First, we’ll look at the ten most common words in each chapter, excluding common words like “the”, “and”, etc.

Show the code

library(hrbrthemes)
library(tidytext)
library(tidyverse)


jeeves_raw <- read_delim('http://aleph.gutenberg.org/6/5/9/7/65974/65974-0.txt', delim = "\t")
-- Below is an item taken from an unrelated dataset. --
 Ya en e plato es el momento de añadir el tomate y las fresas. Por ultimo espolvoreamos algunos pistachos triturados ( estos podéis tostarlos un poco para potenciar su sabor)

jeeves_prepped <- jeeves_raw %>%
  as_tibble() %>%
  rename(text = 1) %>%
  filter(row_number() >= 56) %>% #cheated and looked this up to get rid of preface stuff
  mutate(chapter = ifelse(str_detect(text, "\\d+--"), text, NA)) %>%
  fill(chapter) %>%
  mutate(chapter = trimws(chapter)) %>%
  separate_wider_delim(chapter, '--', names = c("chap_num", "chapter_name")) %>%
  mutate(chap_num = as.integer(chap_num)) %>%
  mutate(chapter_name = fct_reorder(chapter_name, chap_num)) %>%
  group_by(chap_num) %>%
  mutate(linenumber = row_number()) %>%
  ungroup()
  
tidy_jeeves <- jeeves_prepped %>%
  unnest_tokens(output = word, input = text)
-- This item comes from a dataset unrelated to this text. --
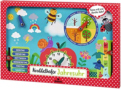 Mit der Krabbelkäfer Jahresuhr geht es spielerisch lernend durch das ganze Jahr. Welche Reihenfolge haben die Wochentage? In welcher Jahreszeit liegt meistens Schnee und in welchem Monat ist es am heißesten? Die Jahresuhr ermöglicht das Einstellen und Ablesen von Jahreszeiten, Monaten, Wochentagen, Uhrzeit, Wetterverhältnissen und der Temperatur. Kindergartenkinder werden so durch das gesamte Kalenderjahr begleitet und lernen wichtige Zusammenhänge, die unseren Alltag strukturieren.

tidy_jeeves_no_stop_words <- tidy_jeeves %>%
  anti_join(stop_words)

tidy_jeeves_no_stop_words %>%
  count(chapter_name, word, sort = TRUE) %>%
  group_by(chapter_name) %>%
  arrange(desc(n)) %>%
  mutate(n_rank = row_number()) %>%
  filter(n_rank <= 10) %>%
  mutate(word = reorder_within(word, n, chapter_name)) %>%
  ggplot(aes(word, n)) +
  geom_col(show.legend = FALSE) +
  facet_wrap(~chapter_name, scales = "free_y", ncol = 3) +
  coord_flip() +
  scale_x_reordered()+
  theme_ipsum()

This shows the prevalence of certain characters in each chapter. “Corky” is the most common word in “The Artistic Career of Corky”, for instance, which makes perfect sense. “Sir” is common throughout, as it’s how Jeeves addresses Wooster, while “Wooster” is the top word in the Jeeves chapter, as this is how Jeeves refers to his employer. (Bertie will talk of the Code of the Woosters from time to time, but doesn’t often bring up his own name.)
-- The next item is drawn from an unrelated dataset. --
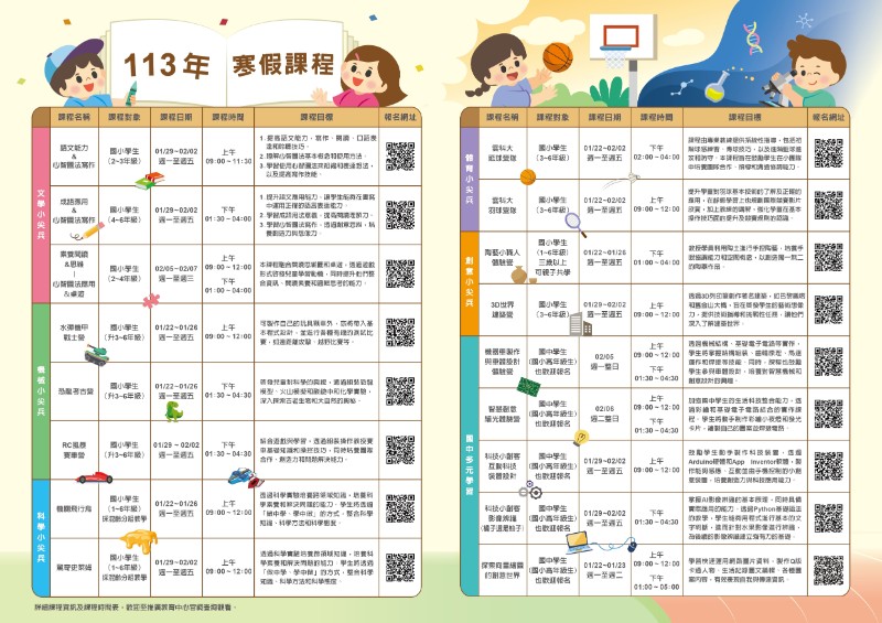 一、本校冬令營課程涵蓋機械創客、科技與創意設計、體育運動、藝術創意發想、科學實驗、素養閱讀思考與文學創作等多元主題,旨在提供學生全方位的知識與技能培訓,讓他們在假期中持續精進學習。

We can compare word usage across chapters 1-9 against the Jeeves chapter to see if there’s a change in word usage. We’ll use the log odds (see chapter 7 of “Text Mining with R“) to get the difference. We won’t focus so much on the values as the words themselves.

Show the code

jeeves_ratio <- tidy_jeeves_no_stop_words %>%
  mutate(author = ifelse(chap_num == 10, 'Jeeves', 'Wooster')) %>%
  count(word, author) %>%
  group_by(word) %>%
  filter(sum(n) >= 10) %>%
  ungroup() %>%
  pivot_wider(names_from = author, values_from = n, values_fill = 0) %>%
  mutate_if(is.numeric, list(~(. + 1) / (sum(.) + 1))) %>%
  mutate(logratio = log(Jeeves / Wooster)) %>%
  arrange(desc(logratio))

jeeves_ratio %>%
  group_by(logratio < 0) %>%
  slice_max(abs(logratio), n = 15) %>% 
  ungroup() %>%
  mutate(word = reorder(word, logratio)) %>%
  ggplot(aes(word, logratio, fill = logratio < 0)) +
  geom_col(show.legend = FALSE) +
  coord_flip() +
  ylab("log odds ratio (Jeeves/Wooster)") +
  scale_fill_discrete(name = "", labels = c("Jeeves", "Wooster"))+
  theme_ipsum()+
  scale_fill_manual(values = c('#889185', '#5A93C1'))

This is largely story driven - chapter 10 deals with Ms Tomlison and a young ladies school that Bertie gives a disastrous speech at. Chapter 10 uses “Wooster” rather than “Bertie”, again showing Jeeve’s preference in addressing the character. Bertie’s end is more likely to refer to characters and relatives who aren’t in chapter 10.

All in all, it’s a fun exercise, but in the end, you’re still better off reading Wodehouse. If you haven’t, I guarantee it’s worth your time.